WHAT TO PRODUCE: The entries are to be reproduced verbatim, with all pictures omitted.

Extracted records
○ ○ ○ ○ ○

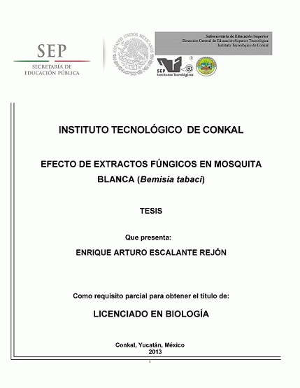 Efecto de extractos fúngicos en mosquita blanca (Bemisia tabici) [recurso electrónico] / Enrique Arturo Escalante Rejón
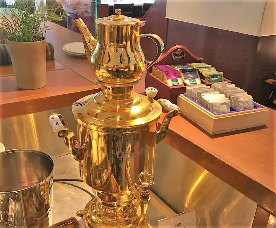 珈琲はマシンで豆から。紅茶はディルマ。お湯のポットがかわいい~♪
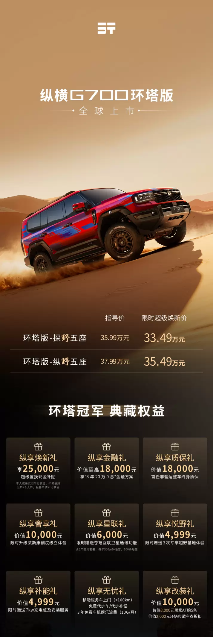 2025广州国际车展纵横G700环塔版全球首发上市堪称全场焦点,这次发布会不仅是一场全领域豪华SUV的盛宴,更是纵横以极限环境验证可靠品质,用技术冗余重塑豪华越野的硬核实力标杆。纵横G700环塔版推出2个版型,限时超级焕新价33.49万元—35.49万元,还带来九重专属好礼权益,从购车到用车、玩车全链路尊享体验,尽享从容与自由。
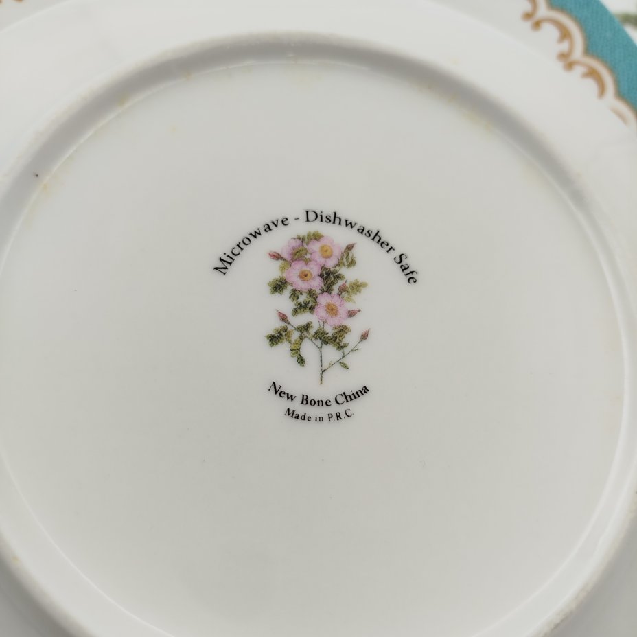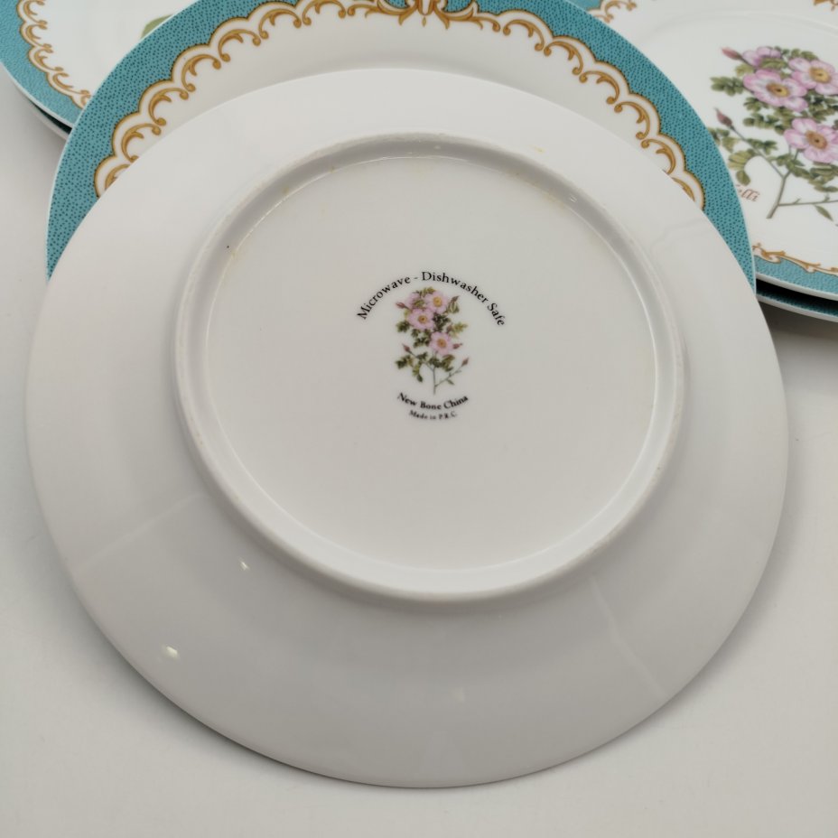 Набор обеденных тарелок на 4 персоны, украшенных цветочным декором, Фаянсовая фабрика "Franz Anton Mehlem", фаянс, роспись, золочение, Германия, 1900-1920 гг.
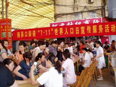 在第二十个“世界人口日”来临之际,闸弄口街道计生科在安琪儿市场开展以“关注生殖健康,促进和谐发展”为主题的大型宣传服务活动。
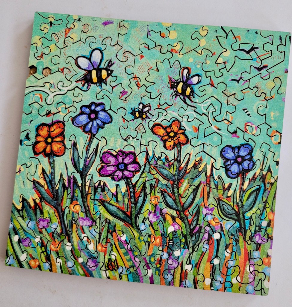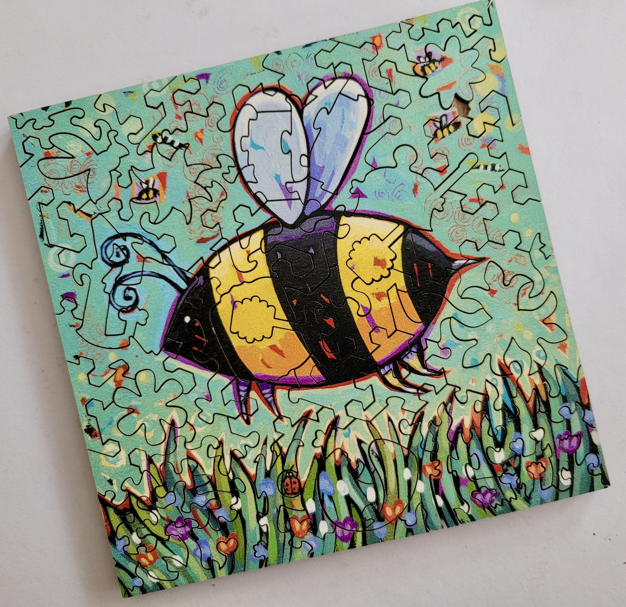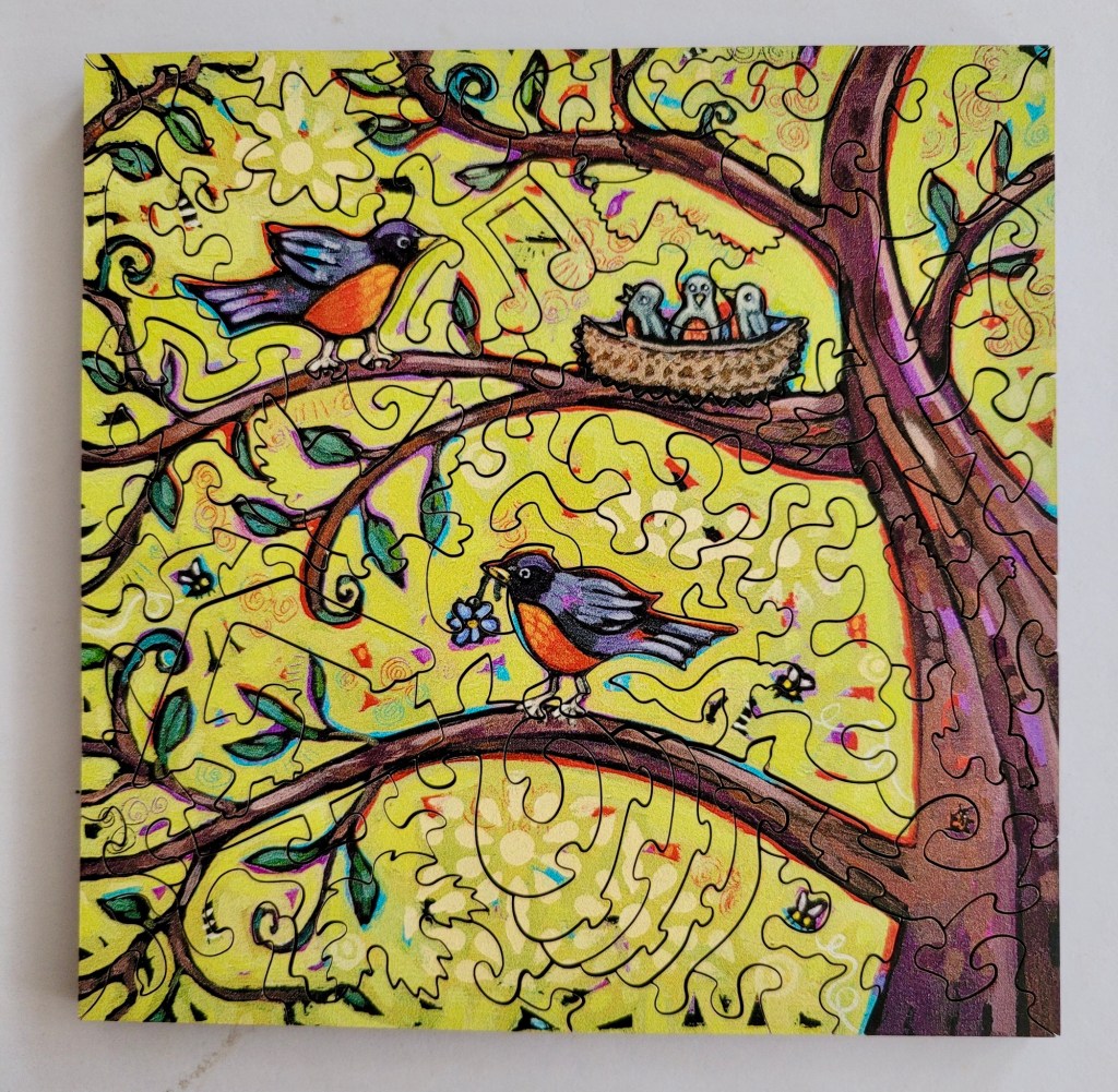 This one, called Birds and Bees by an artist named Pam Weber, was actually four individual puzzles. Of, well, birds and bees! I tried to get in nice and close so the cut of some of these was visible. There were fun honey, and vine-like floral motifs to the cut of this puzzle. It’s just that extra detail that makes these so nice.

○ ○ ○ ○ ○

THE COMPLETED TASK:
 Efecto de extractos fúngicos en mosquita blanca (Bemisia tabici) [recurso electrónico] / Enrique Arturo Escalante Rejón
 珈琲はマシンで豆から。紅茶はディルマ。お湯のポットがかわいい~♪
 2025广州国际车展纵横G700环塔版全球首发上市堪称全场焦点,这次发布会不仅是一场全领域豪华SUV的盛宴,更是纵横以极限环境验证可靠品质,用技术冗余重塑豪华越野的硬核实力标杆。纵横G700环塔版推出2个版型,限时超级焕新价33.49万元—35.49万元,还带来九重专属好礼权益,从购车到用车、玩车全链路尊享体验,尽享从容与自由。
 Набор обеденных тарелок на 4 персоны, украшенных цветочным декором, Фаянсовая фабрика "Franz Anton Mehlem", фаянс, роспись, золочение, Германия, 1900-1920 гг.
 在第二十个“世界人口日”来临之际,闸弄口街道计生科在安琪儿市场开展以“关注生殖健康,促进和谐发展”为主题的大型宣传服务活动。
 This one, called Birds and Bees by an artist named Pam Weber, was actually four individual puzzles. Of, well, birds and bees! I tried to get in nice and close so the cut of some of these was visible. There were fun honey, and vine-like floral motifs to the cut of this puzzle. It’s just that extra detail that makes these so nice.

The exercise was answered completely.